- **Available records**:
####################

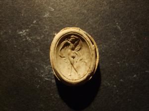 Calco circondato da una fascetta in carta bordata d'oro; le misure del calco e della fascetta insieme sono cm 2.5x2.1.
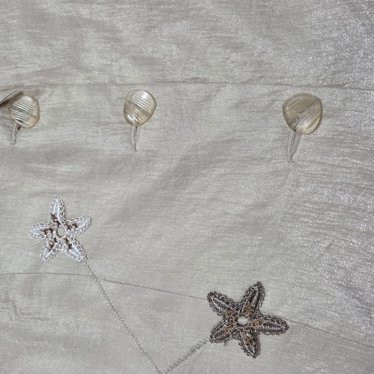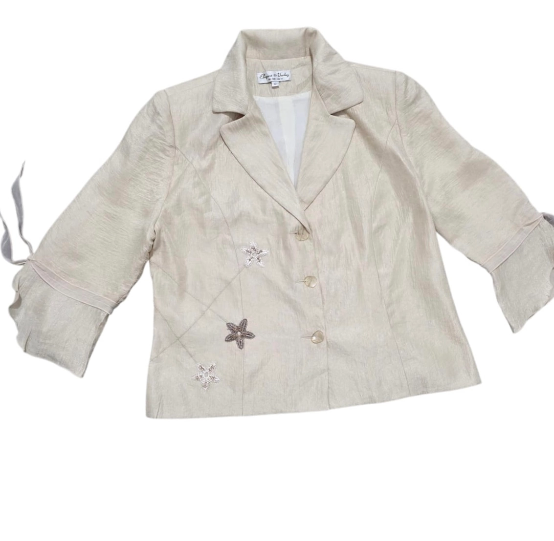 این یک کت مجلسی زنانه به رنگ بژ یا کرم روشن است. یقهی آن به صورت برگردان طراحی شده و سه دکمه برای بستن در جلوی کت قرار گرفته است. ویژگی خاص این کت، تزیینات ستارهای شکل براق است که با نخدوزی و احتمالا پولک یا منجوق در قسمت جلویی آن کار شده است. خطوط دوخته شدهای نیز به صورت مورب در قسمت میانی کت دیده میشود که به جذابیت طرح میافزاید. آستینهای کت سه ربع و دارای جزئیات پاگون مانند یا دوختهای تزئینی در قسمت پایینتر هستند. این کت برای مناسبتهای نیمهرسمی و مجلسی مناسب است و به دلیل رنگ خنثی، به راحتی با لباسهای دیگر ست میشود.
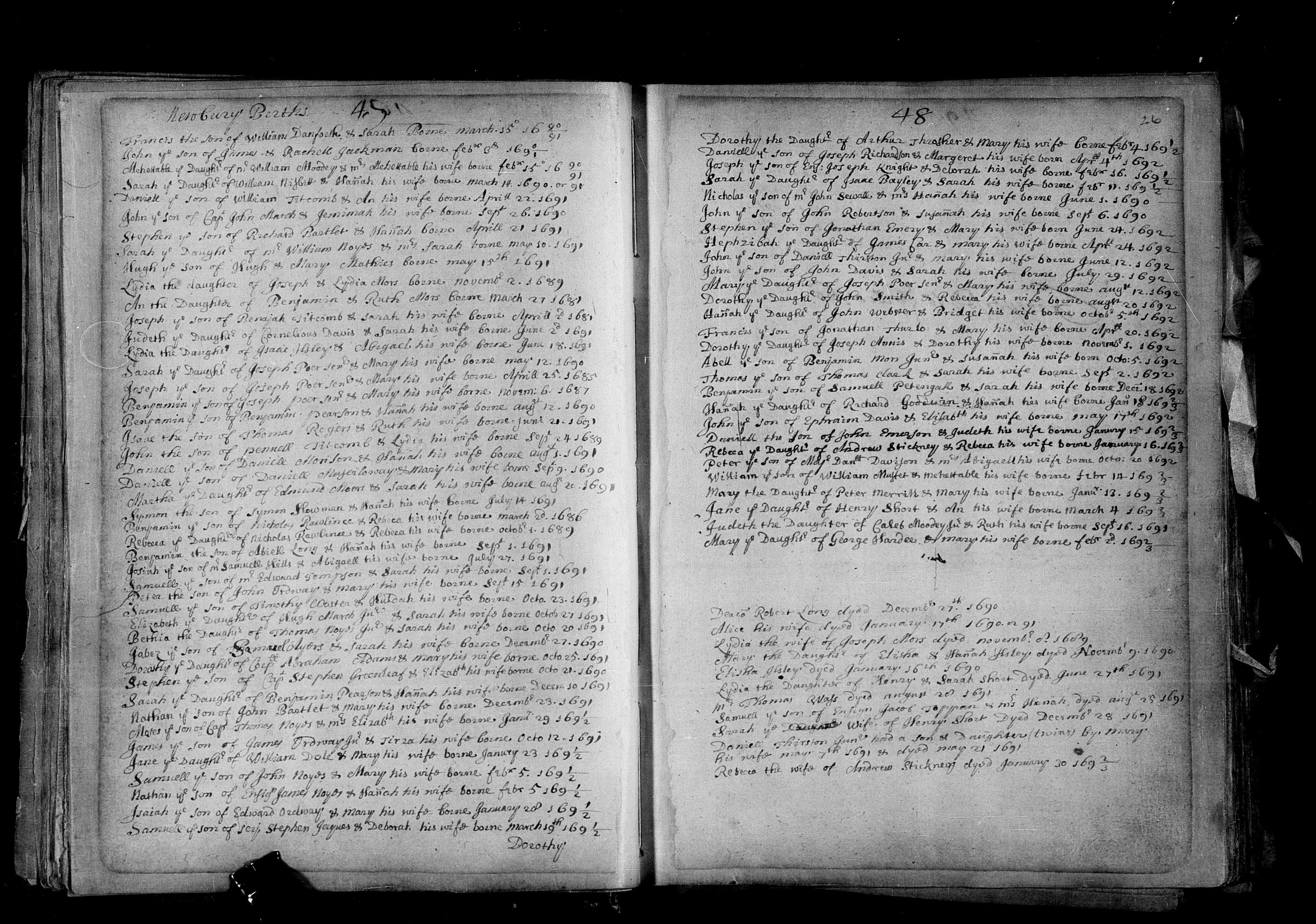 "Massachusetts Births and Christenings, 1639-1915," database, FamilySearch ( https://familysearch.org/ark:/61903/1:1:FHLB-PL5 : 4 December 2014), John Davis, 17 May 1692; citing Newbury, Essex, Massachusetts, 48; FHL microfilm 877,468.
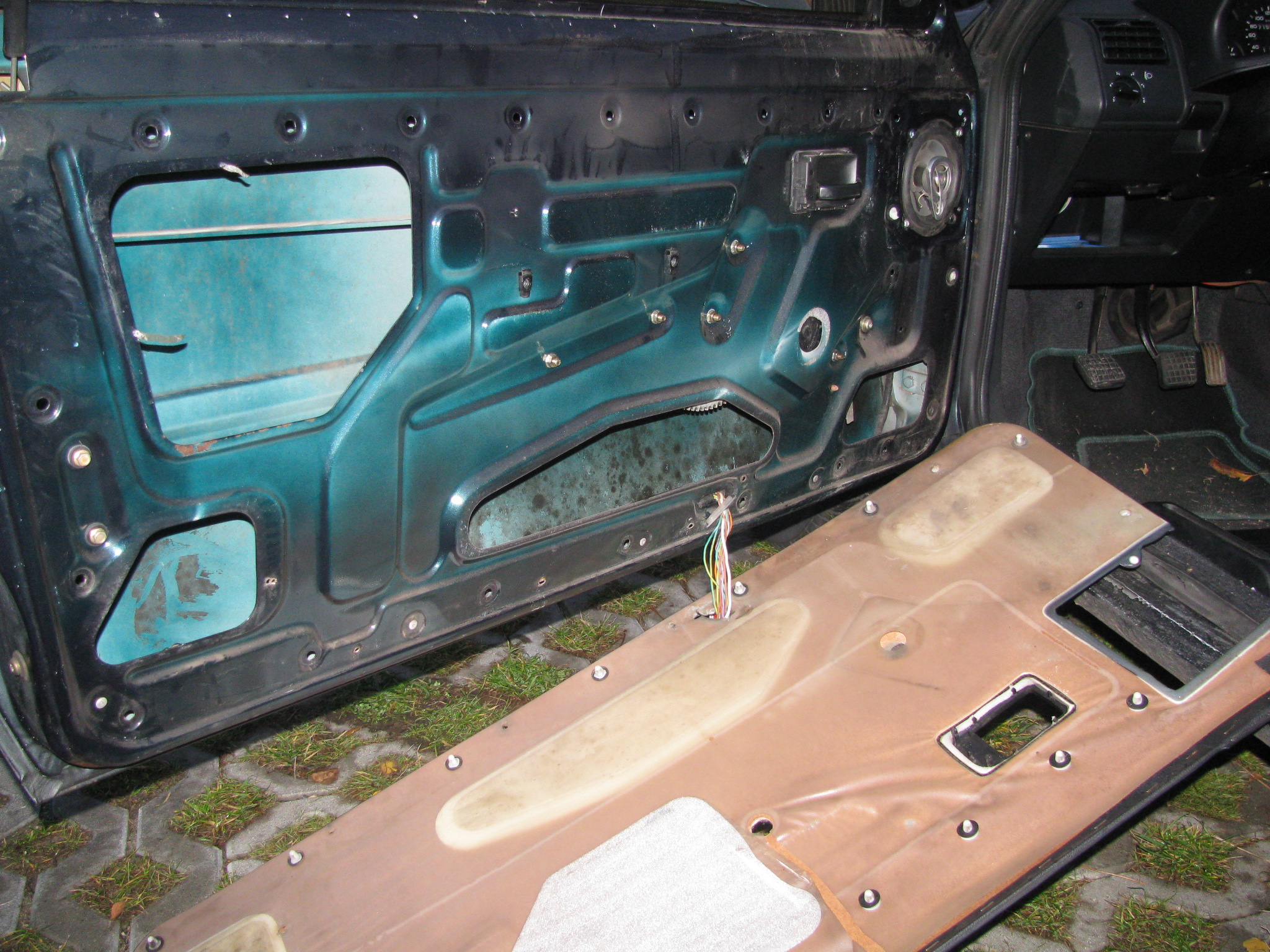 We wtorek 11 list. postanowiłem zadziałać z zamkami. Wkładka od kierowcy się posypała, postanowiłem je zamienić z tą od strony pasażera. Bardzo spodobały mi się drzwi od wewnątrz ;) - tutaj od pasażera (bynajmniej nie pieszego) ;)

####################

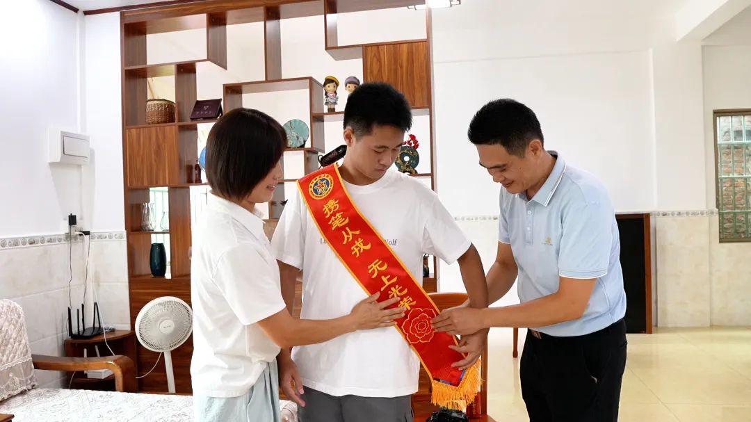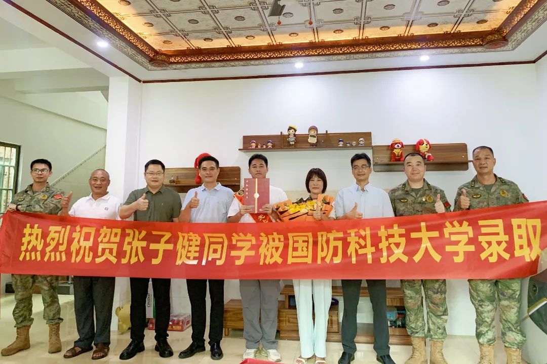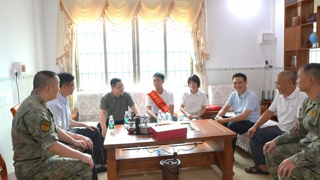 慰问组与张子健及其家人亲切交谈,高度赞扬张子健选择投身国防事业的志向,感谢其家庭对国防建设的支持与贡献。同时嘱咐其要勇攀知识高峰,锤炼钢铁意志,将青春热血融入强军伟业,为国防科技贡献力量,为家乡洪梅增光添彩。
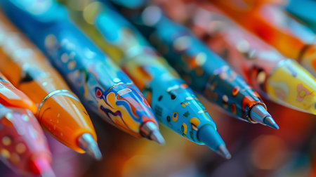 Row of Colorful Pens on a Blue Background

####################

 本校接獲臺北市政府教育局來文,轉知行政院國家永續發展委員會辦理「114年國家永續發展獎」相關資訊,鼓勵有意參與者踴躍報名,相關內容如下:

####################

Starting with the line that has "慰问组与张子健及其家人亲切交" and ending with the line that has "Row of Colorful Pens on a Blue Background", repeat the lines above exactly, omitting every picture.

- **Solution**:
 慰问组与张子健及其家人亲切交谈,高度赞扬张子健选择投身国防事业的志向,感谢其家庭对国防建设的支持与贡献。同时嘱咐其要勇攀知识高峰,锤炼钢铁意志,将青春热血融入强军伟业,为国防科技贡献力量,为家乡洪梅增光添彩。
 Row of Colorful Pens on a Blue Background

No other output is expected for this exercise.